UTC/1999-004

From: Paul Hoffman / IMC [phoffman@imc.org]

Sent: Thursday, January 28, 1999 8:34 PM

Subject: UTC 3.0 draft comment

Transformations and Serialization

Page 1, sixth paragraph

UTF-8 isn't really an encoding form: it is a transformation. Thus, I think that either the whole paragraph should be eliminated (transformations aren't really necessary this early in the book), or it needs to be updated to say "Unicode provides for four ways to serialize characters:" followed by the four transformations. I prefer eliminating the paragraph.

Page 16, Section 2.3 Encoding Forms

There is sure to be confusion between the names of the encoding forms here and the names of the IANA charsets, given that they are identical.

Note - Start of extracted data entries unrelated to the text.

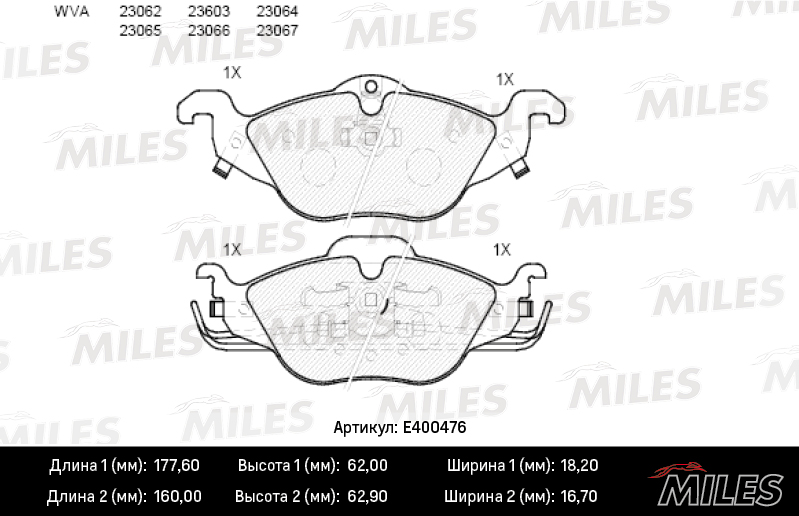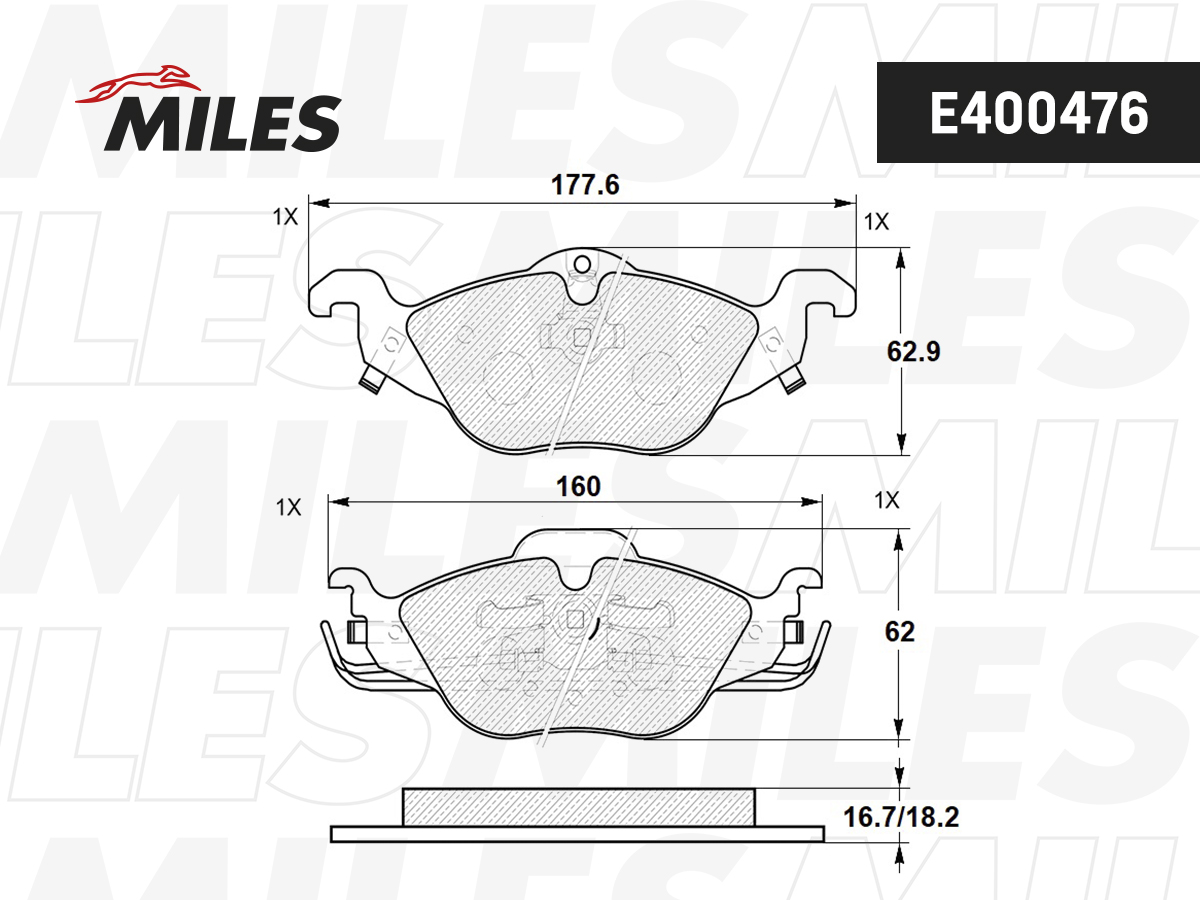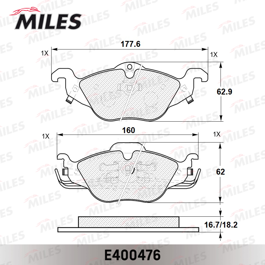 E400476 MILES Колодки тормозные передние (без датчика) (Смесь Low-Metallic) OPEL ASTRA G 1.2/1
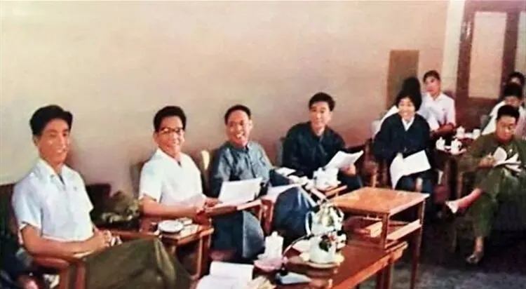 茶几上摆着搪瓷壶和玻璃杯,几个人拿着纸笑出声,椅背罩着小方格布,屋里像点着白炽灯,光线一晃一晃,谈笑间的轻松反倒把紧绷的时代气息冲淡了点。
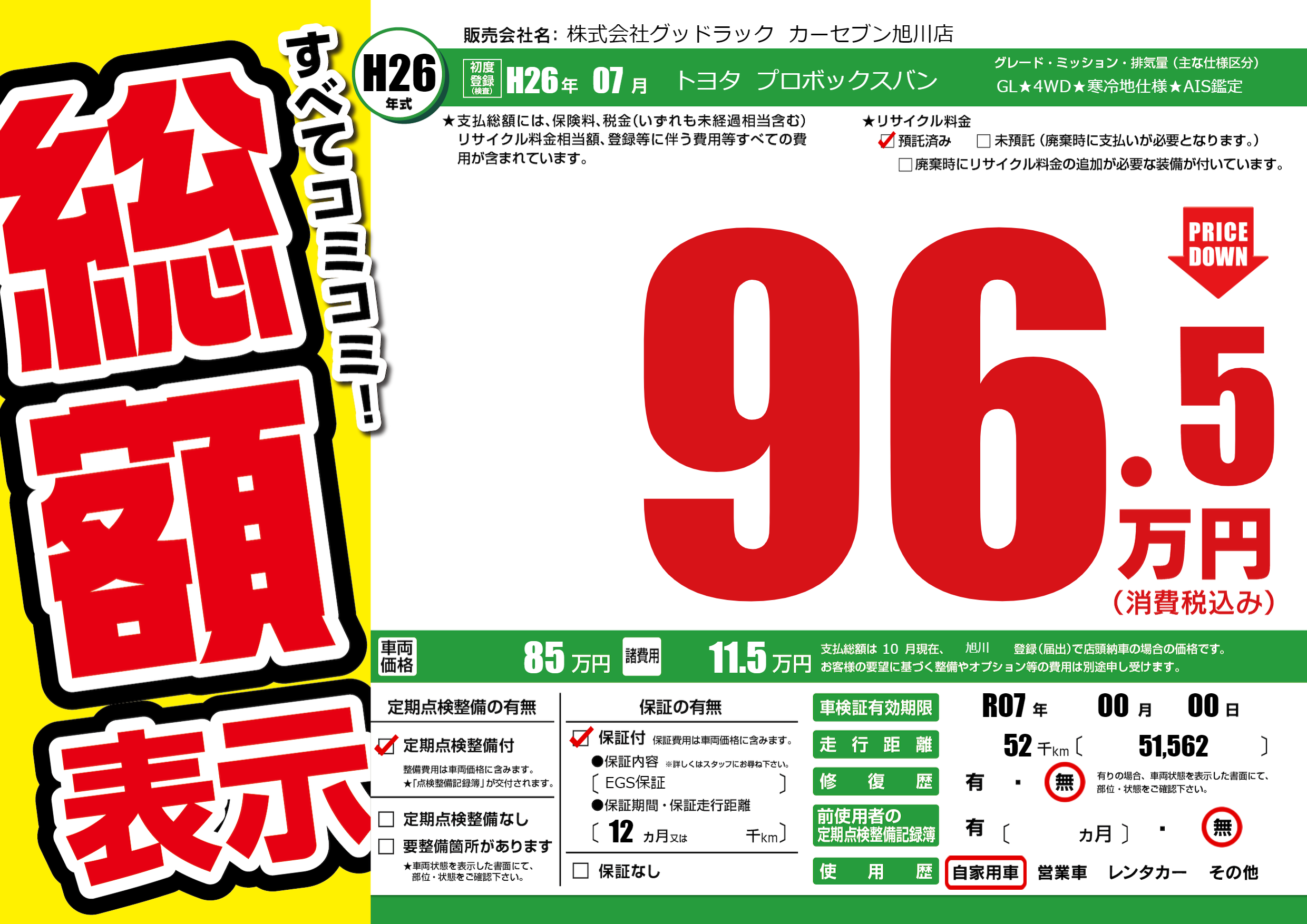 | 車名 | トヨタ プロボックスバン | グレード ミッション 排気量 |
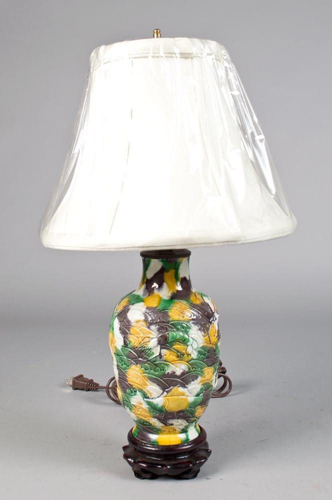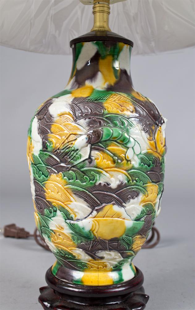 Vase form column with raised flying fish, hogs, birds and other species amid ruyi in yellow, green, lavender and white. Attached to custom carved wood standard with ivory colored shade. 18" overall height. Circa 20th century.
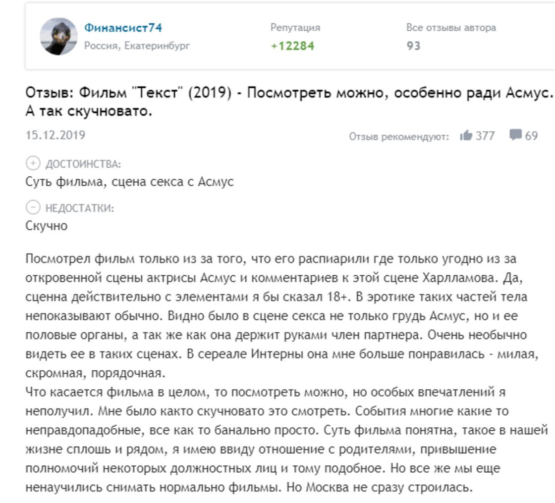 Стал ли прорывом в карьере для Асмус фильм «Текст»? Трейлер без цензуры быстро стал вирусным и породил немало нареканий и злобных комментариев со стороны поклонников актрисы и ее мужа, Гарика Харламова. Стали поговаривать о том, что пара рассталась. Некоторые зрители стали требовать, чтобы актрису лишили родительских прав.
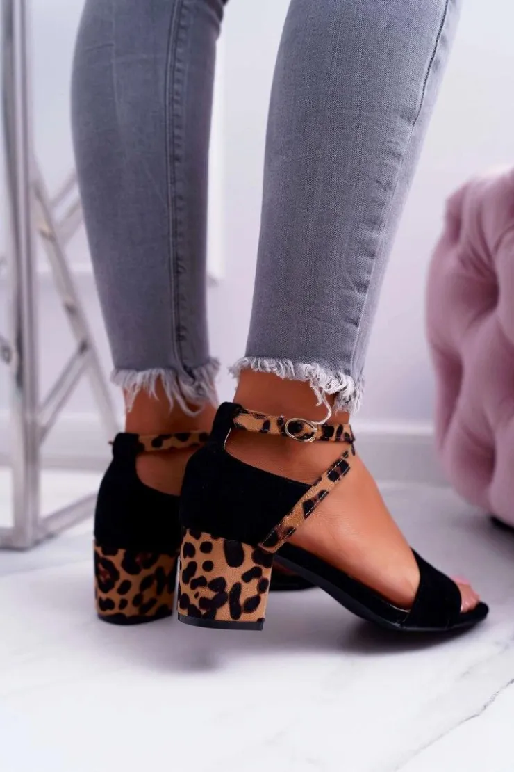 Damskie Boto Sandały Damskie Na Słupku Lu Boo Panterka Czarne Fall In Love
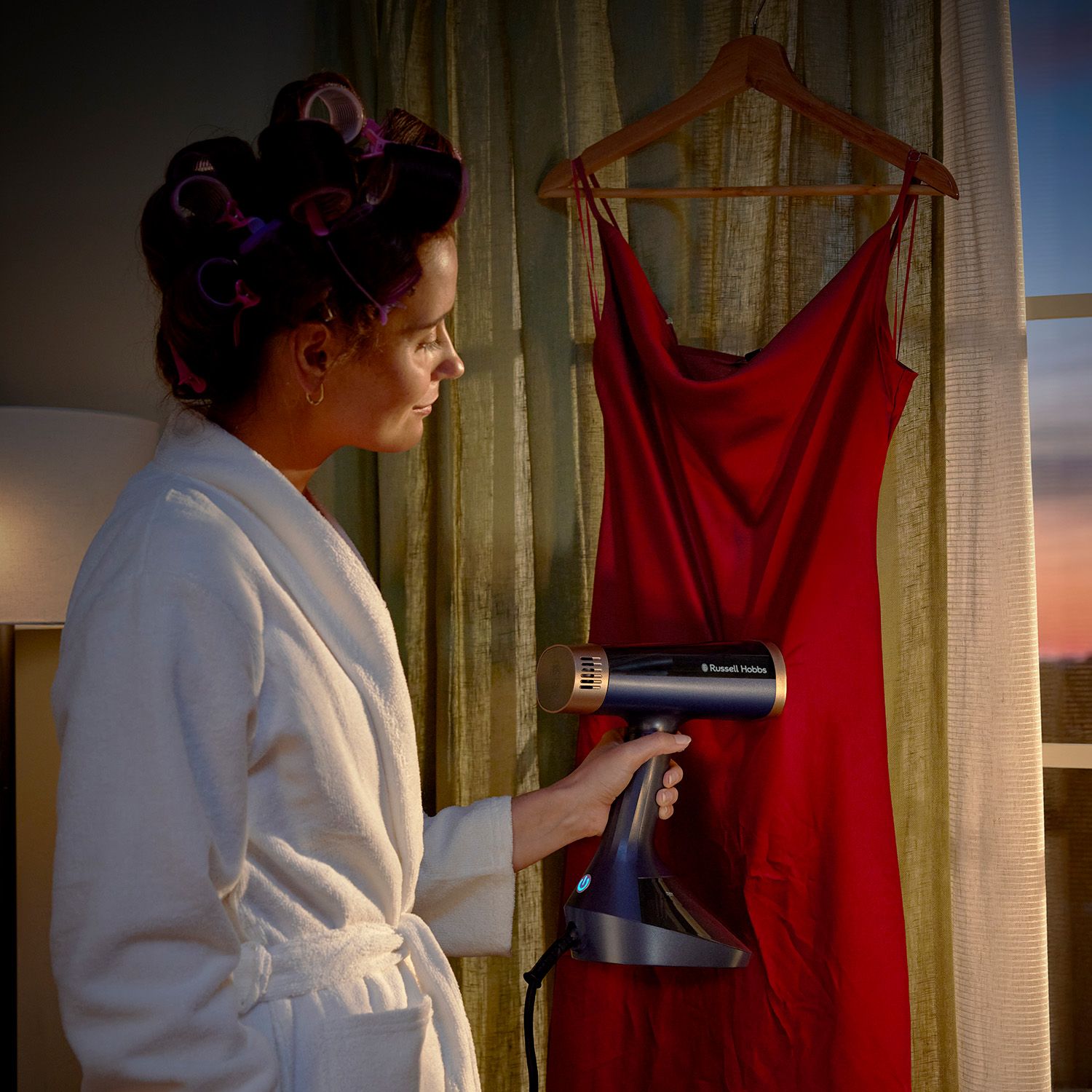 Ручний відпарювач Russell Hobbs Steam Genie VacuSteam з потужністю 1500 Вт поєднує подачу пари та вакуумне притискання тканини завдяки технології VacuSteam. Нагрівання триває близько 35 секунд, подача пари до 24 г/хв підтримується приблизно 7 хвилин від одного заповнення знімного резервуара на 200 мл. Керамічна нагрівальна платформа допомагає розправляти складки за один прохід. Передбачено 3 режими пари та всмоктування, автоматичне вимкнення, щітку для чищення та мережевий кабель довжиною 3 м.

I suggest adding the following paragraph after the first paragraph of this section: "The names of the Unicode encoding forms are the same as those used in other contexts. Notably, the IANA maintains a well-respected registry of <ital>charset names</ital> which include the same names as the encoding forms used here. Although the encoding forms here and the descriptions of the charsets registered with IANA are very similar, there are important differences between the requirements for each."

Page 16, UTF-16

There is no description of UTF-16BE or UTF-16LE here. They very much should be here, and the last sentence of the preceding paragraph should be updated to say "...uses four encoding forms...".

Page 16, UTF-8

The statement "UTF-8 is fully conformant with the Unicode Standard and ISO/IEC 10646" is technically true but may be misleading to an implementor. The definition of UTF-8 given in Table 2-2 only covers codes that can be represented in Unicode; however, I have been told that 10646's definition of UTF-8 shows how to code for any character in UCS-4. So, Unicode's UTF-8 is conformant, but it is a subset. I propose either (a) changing this sentence to "The UTF-8 defined here is fully conformant with the Unicode Standard and is a subset of the UTF-8 defined in ISO/IEC 10646" or (b) adding a sentence to the end of the third paragraph of the UTF-8 section that says "Note that the definition of UTF-8 in ISO/IEC 10646 can encode characters that are outside the range of Unicode characters."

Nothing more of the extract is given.